# DATA BLOCK
◇ ◇ ◇ ◇ ◇ ◇ ◇

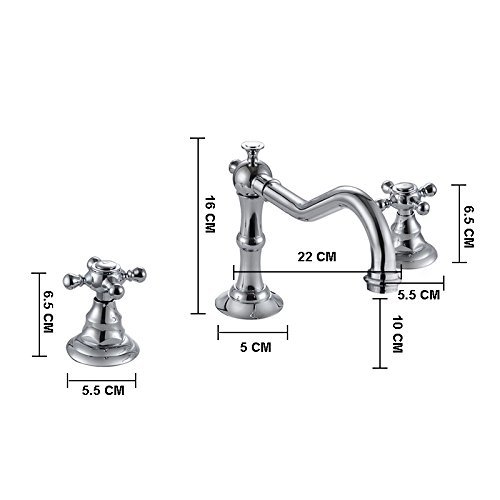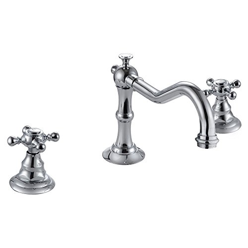 Wovier Chrome Bathroom Sink Faucet,Two Handle Three Hole Vessel Lavatory Faucet,Widespread Basin Mixer Tap [並行輸入品]
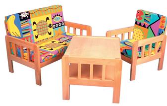 Jungle Seating is a jungle themed solid wooden frame seating offering a chair, two seater and three seater sofa and a table. Perfect for early years with a bright and colourful jungle themed fabric. Individual pieces can be purchased as well as a complete set. Perfect in any early years environment - nursery, playgroup, creche or library.
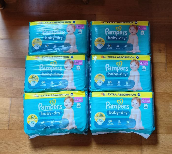 6 paquets de couches Pampers baby dry taille 4+. Total de 240 couches
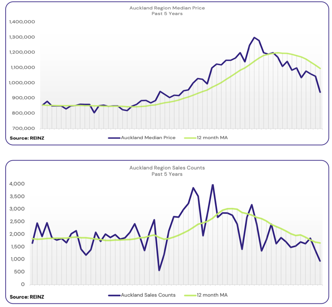 下图分别是2023年2月时候奥克兰的房价和成交量,可见当时:量价低迷,一眼见不到头……

◇ ◇ ◇ ◇ ◇ ◇ ◇

# WHAT NEEDS TO BE DONE
Your response must reproduce the listing above word for word and must contain none of its pictures.

# PROBLEM SOLUTION
 Wovier Chrome Bathroom Sink Faucet,Two Handle Three Hole Vessel Lavatory Faucet,Widespread Basin Mixer Tap [並行輸入品]
 Jungle Seating is a jungle themed solid wooden frame seating offering a chair, two seater and three seater sofa and a table. Perfect for early years with a bright and colourful jungle themed fabric. Individual pieces can be purchased as well as a complete set. Perfect in any early years environment - nursery, playgroup, creche or library.
 6 paquets de couches Pampers baby dry taille 4+. Total de 240 couches
 下图分别是2023年2月时候奥克兰的房价和成交量,可见当时:量价低迷,一眼见不到头……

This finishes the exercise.